**WHAT YOU SHOULD DO**
Within the listing below, the lines to output run from the one containing "Download or print" through the one containing "V-neck striped sweater"; copy them exactly and nothing else.

**SOURCE INFORMATION**
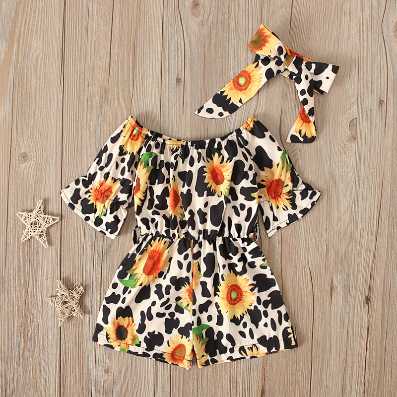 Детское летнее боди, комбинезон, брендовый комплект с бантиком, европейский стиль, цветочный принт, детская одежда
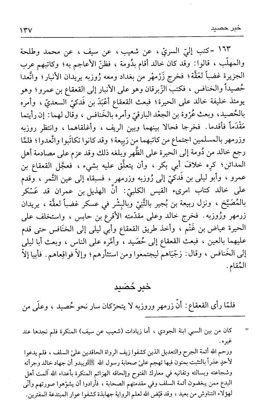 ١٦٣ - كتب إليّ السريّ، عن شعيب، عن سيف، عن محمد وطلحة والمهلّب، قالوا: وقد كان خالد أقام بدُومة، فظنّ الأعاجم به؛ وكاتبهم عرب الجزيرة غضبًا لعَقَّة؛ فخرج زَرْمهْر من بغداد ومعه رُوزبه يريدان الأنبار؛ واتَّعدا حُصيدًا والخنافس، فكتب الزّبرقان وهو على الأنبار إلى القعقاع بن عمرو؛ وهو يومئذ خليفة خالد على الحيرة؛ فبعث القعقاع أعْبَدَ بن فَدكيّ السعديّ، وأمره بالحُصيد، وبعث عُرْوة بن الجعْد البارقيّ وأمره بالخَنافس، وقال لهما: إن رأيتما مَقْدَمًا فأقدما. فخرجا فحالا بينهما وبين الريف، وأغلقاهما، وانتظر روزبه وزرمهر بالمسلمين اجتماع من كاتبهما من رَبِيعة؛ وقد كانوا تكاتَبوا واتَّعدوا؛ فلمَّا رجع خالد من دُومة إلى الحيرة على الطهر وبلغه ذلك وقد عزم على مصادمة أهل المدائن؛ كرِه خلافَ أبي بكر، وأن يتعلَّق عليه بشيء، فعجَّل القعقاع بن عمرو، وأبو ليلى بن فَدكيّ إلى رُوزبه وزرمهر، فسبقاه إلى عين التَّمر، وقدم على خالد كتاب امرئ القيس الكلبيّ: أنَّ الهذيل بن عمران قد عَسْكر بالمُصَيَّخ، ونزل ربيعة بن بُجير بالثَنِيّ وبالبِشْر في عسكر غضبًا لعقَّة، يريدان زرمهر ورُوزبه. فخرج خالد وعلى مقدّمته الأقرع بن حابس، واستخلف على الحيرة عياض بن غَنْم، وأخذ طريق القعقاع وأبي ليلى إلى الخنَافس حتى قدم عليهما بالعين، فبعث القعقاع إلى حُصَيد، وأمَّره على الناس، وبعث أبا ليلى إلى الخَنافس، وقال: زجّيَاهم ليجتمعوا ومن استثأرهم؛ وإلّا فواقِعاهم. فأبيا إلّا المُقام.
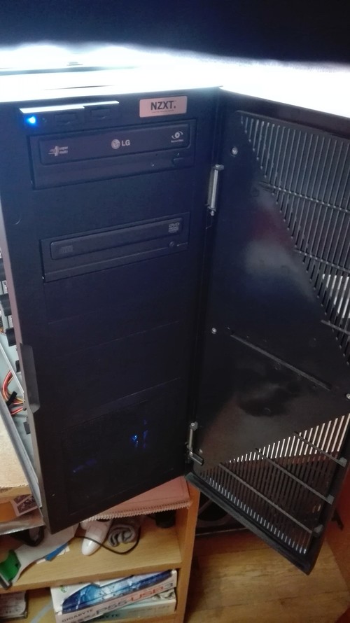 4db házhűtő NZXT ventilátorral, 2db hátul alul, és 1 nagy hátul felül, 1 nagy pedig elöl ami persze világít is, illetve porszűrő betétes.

--

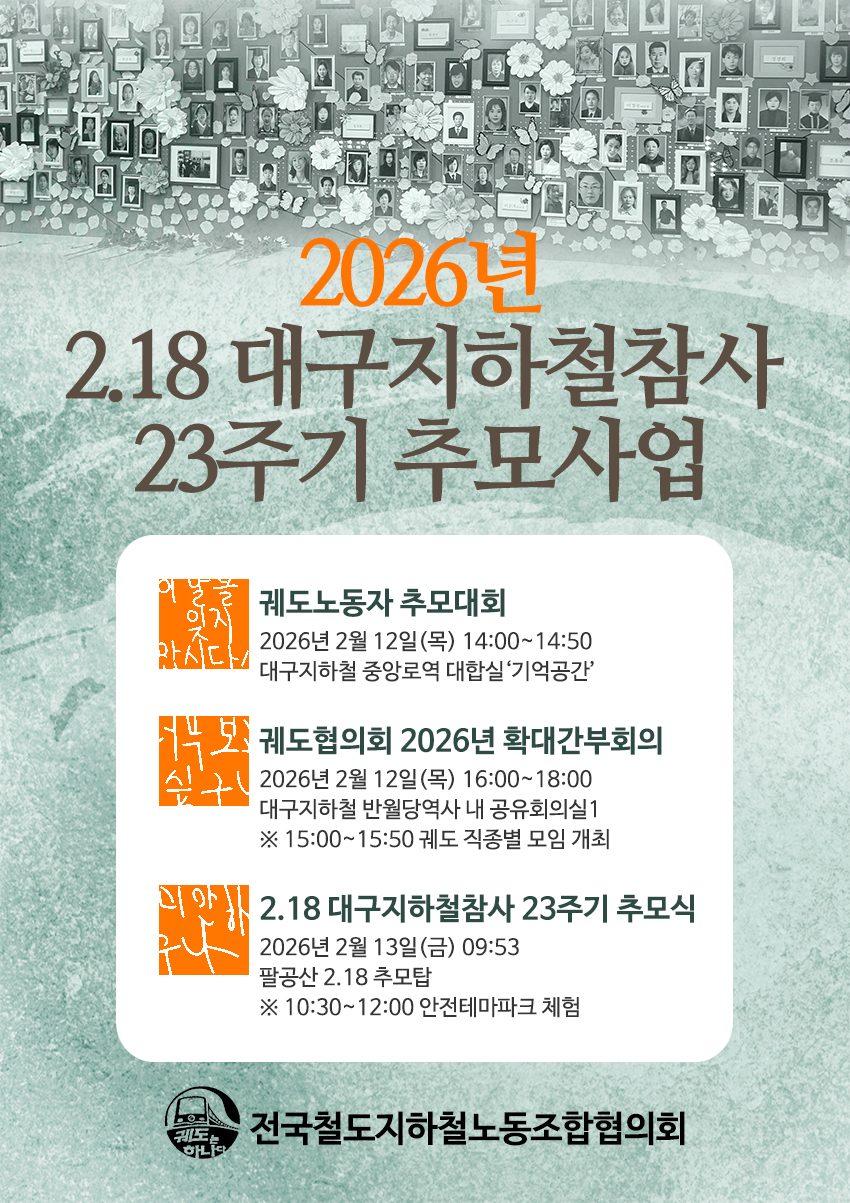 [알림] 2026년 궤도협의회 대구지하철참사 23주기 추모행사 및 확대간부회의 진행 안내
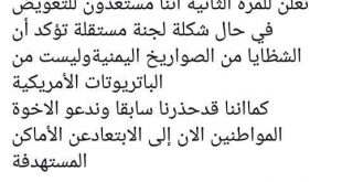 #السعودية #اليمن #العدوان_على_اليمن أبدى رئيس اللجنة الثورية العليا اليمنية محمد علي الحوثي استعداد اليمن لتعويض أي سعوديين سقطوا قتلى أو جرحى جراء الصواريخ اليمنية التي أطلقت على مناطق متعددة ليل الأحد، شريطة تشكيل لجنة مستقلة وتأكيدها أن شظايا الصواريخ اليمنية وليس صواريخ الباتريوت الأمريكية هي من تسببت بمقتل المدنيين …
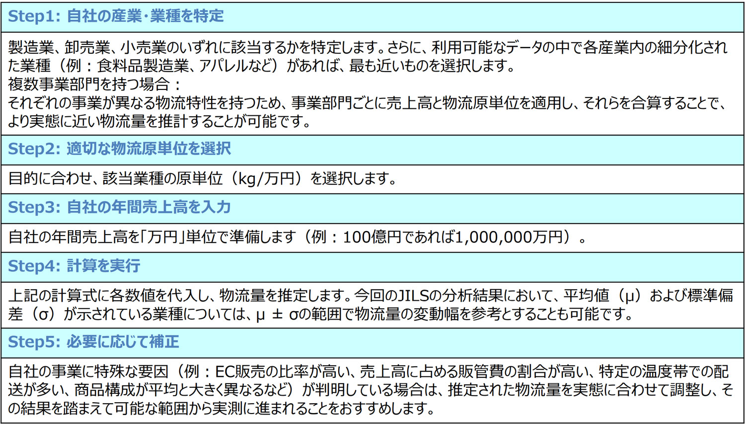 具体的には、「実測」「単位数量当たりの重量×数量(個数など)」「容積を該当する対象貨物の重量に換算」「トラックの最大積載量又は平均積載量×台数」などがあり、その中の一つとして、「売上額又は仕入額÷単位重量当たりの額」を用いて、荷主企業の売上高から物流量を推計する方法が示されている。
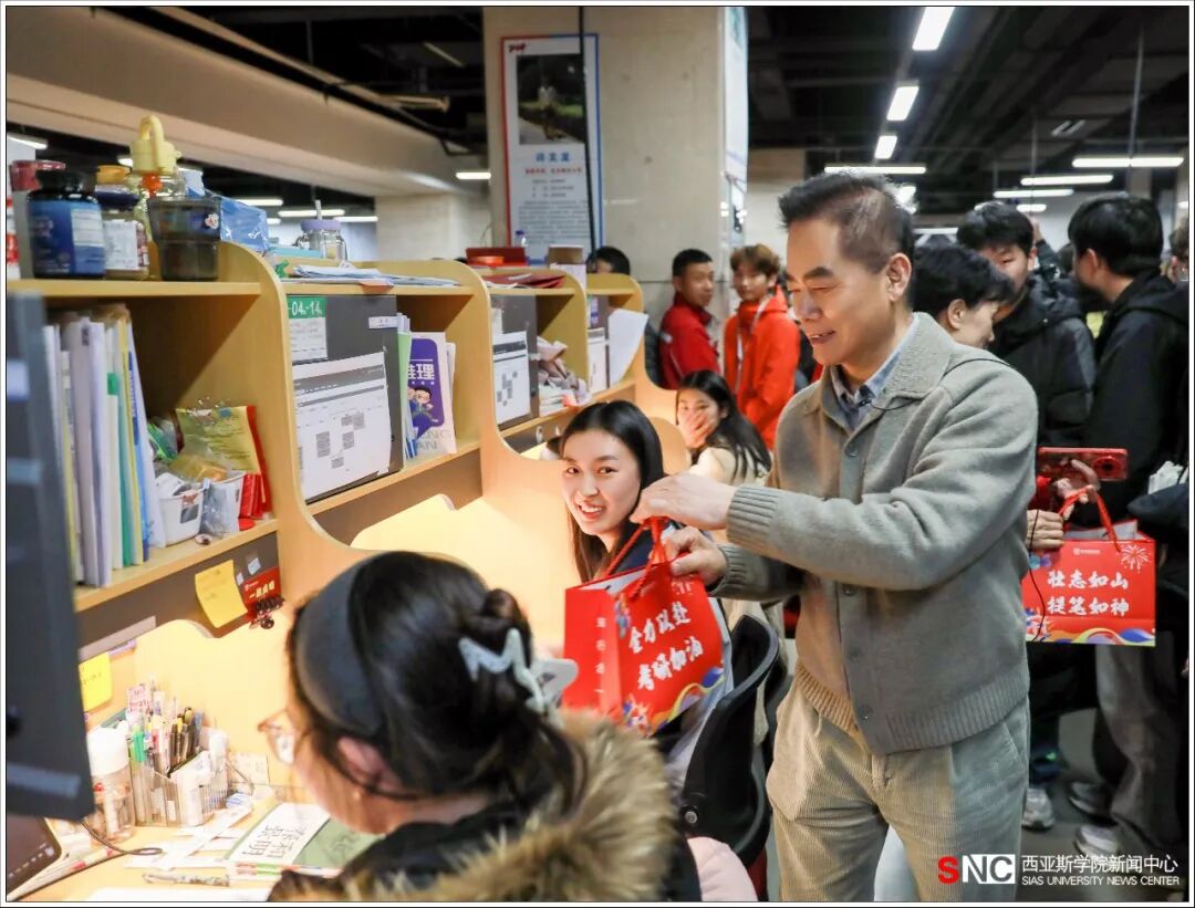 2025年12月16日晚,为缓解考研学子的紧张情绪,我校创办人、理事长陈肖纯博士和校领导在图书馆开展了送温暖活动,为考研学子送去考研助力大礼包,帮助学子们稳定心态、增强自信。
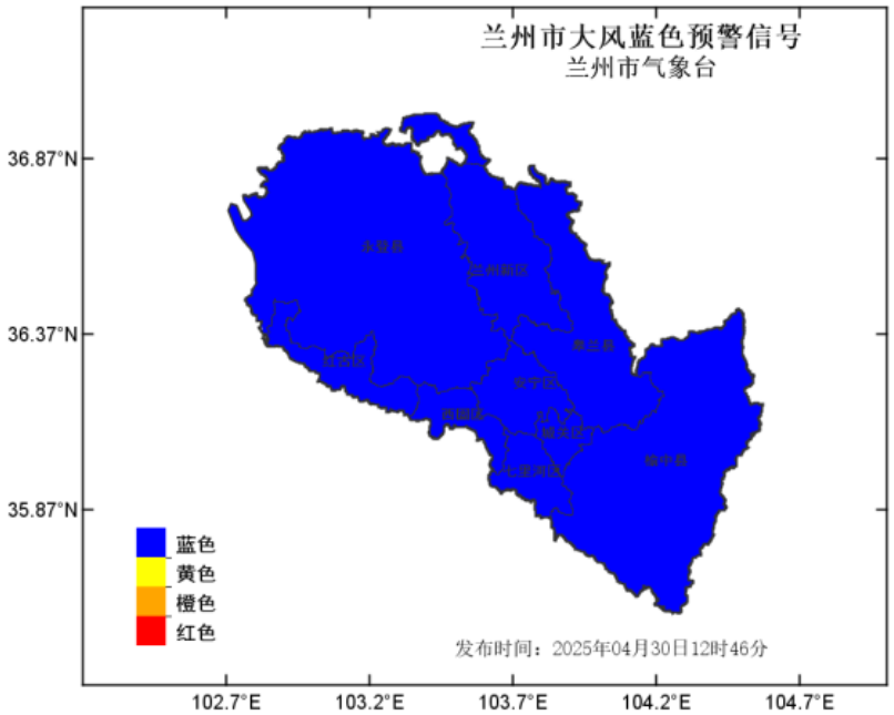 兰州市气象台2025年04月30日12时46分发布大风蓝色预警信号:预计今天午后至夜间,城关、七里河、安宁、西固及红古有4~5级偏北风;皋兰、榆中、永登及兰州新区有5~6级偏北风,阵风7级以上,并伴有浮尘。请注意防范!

---

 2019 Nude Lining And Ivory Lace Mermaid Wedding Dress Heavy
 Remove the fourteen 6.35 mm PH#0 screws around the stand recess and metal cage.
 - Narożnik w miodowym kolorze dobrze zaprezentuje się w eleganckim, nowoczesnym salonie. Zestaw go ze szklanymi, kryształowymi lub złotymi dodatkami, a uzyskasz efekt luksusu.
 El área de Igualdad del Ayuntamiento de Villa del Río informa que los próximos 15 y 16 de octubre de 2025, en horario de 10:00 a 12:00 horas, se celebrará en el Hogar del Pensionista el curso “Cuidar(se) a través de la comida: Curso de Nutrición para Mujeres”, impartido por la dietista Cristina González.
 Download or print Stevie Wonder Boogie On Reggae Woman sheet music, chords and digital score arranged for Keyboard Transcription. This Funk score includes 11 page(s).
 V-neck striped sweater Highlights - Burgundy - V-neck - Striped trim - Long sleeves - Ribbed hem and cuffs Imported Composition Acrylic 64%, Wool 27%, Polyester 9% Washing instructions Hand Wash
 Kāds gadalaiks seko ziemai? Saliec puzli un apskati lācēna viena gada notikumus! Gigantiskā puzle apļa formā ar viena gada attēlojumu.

**YOUR RESPONSE**
 Download or print Stevie Wonder Boogie On Reggae Woman sheet music, chords and digital score arranged for Keyboard Transcription. This Funk score includes 11 page(s).
 V-neck striped sweater Highlights - Burgundy - V-neck - Striped trim - Long sleeves - Ribbed hem and cuffs Imported Composition Acrylic 64%, Wool 27%, Polyester 9% Washing instructions Hand Wash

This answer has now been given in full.